The resonator layer should reinforce selected frequency regions without pretending to individually tune every cavity in this L2 pass. Candidate approaches include a shared hollow body, grouped chamber zones, or removable resonator modules below the array. The design must watch for uneven loudness, dead notes, excessive sympathetic ringing, and resonance shifts when the player holds the instrument.

No resonator volume, mouth size, port geometry, or coupling target is specified here. Those belong in a measured L2 packet after the tine mule reveals actual response.

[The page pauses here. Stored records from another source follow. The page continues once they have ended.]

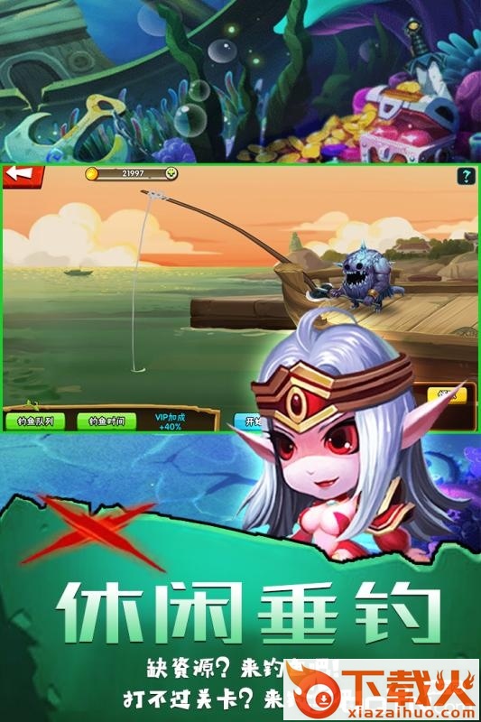 3、休闲钓鱼,独特的社交玩法,给英雄战斗更多私人空间,约朋友垂钓。
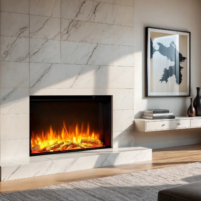 The Celsi DLX 750 Electric Fire is a polished, fascia-less wall inset fire that brings sophistication and warmth to modern interiors. Designed with a glass-fronted display, this premium electric fire offers a realistic flame experience powered by Multi Flame Projection® and Living Ember Bed® technology. The authentic woodland ceramic logs rest over a glowing ember bed, creating an inviting and immersive ambiance. With adjustable flame speed, you can easily customise the fire’s appearance to match your mood or setting.
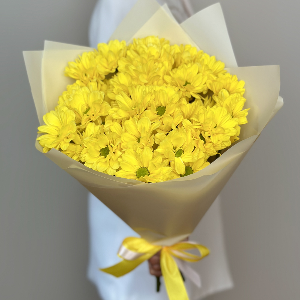 На фото - Букет Сладкая глазурь. В составе данной композиции: Хризантема кустовая 5.
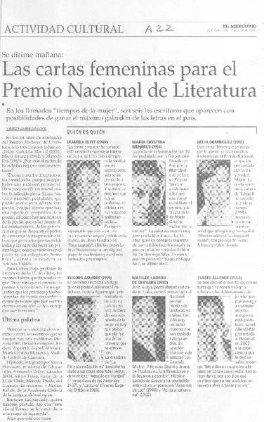 Las cartas femeninas para el Premio Nacional de Literatura [artículo]...

L2 evidence target: interchangeable resonator comparison notes using the same
tine mule so loudness balance, dead notes, sympathetic coupling, and hand-held
versus table-supported behavior can be separated from layout speculation.

## Body And Ergonomics

The body has to support the tine bridge, protect the resonators, and place the array where the hands can navigate interval shapes. A future build-packet candidate should test whether the instrument is best held in the lap, set on a table, or worn/strapped. The playing angle, wrist clearance, and visual note labeling are all pending physical mockup.

L2 evidence target: body interface requirements that separate bridge load,
resonator volume, access for tine replacement, wrist clearance, and labeling
visibility before CAD is produced.

## Parametric Intent

Future design tables should separate:

- pitch map and isomorphic interval mapping;
- tine material and stock provenance;
- tine geometry and clamp settings;
- bridge and pressure-bar design;
- resonator topology and coupling observations;
- body support mode and ergonomic constraints;
- measured sustain, pitch stability, loudness balance, and buzz notes.

Every numeric field in those future tables should be marked by provenance: measured mule, reviewed CAD parameter, supplier specification, or `estimate_pending_measurement`.

## L2 Packet Gates

| Gate | Current authority | Promotion evidence |
| --- | --- | --- |
| Layout mockup | pending_measurement | Ergonomic review of interval directions, duplicated notes, hand mode, and accidental-contact risk. |
| Tine mule | pending_measurement | Measured removable-tine response with stock provenance, clamp state, sustain, buzz, and pitch stability observations. |
| Bridge and pressure bar | pending_measurement | Reviewed clamp method and serviceability notes from the mule. |
| Resonator comparison | pending_measurement | Notes comparing shared, grouped, or removable resonators without claiming tuned volumes. |
| Body interface | pending_measurement | Requirements map for bridge support, resonator clearance, hand position, and service access. |
| CAD/drawings | pending_measurement | Reviewed CAD, DXF, or drawing authority after measured parameters exist. |

## V5 Boundary

This is an L2 build-packet candidate. It is not a tuning plan, tine-cutting
chart, resonator design, CAD source, DXF release, or fabrication package.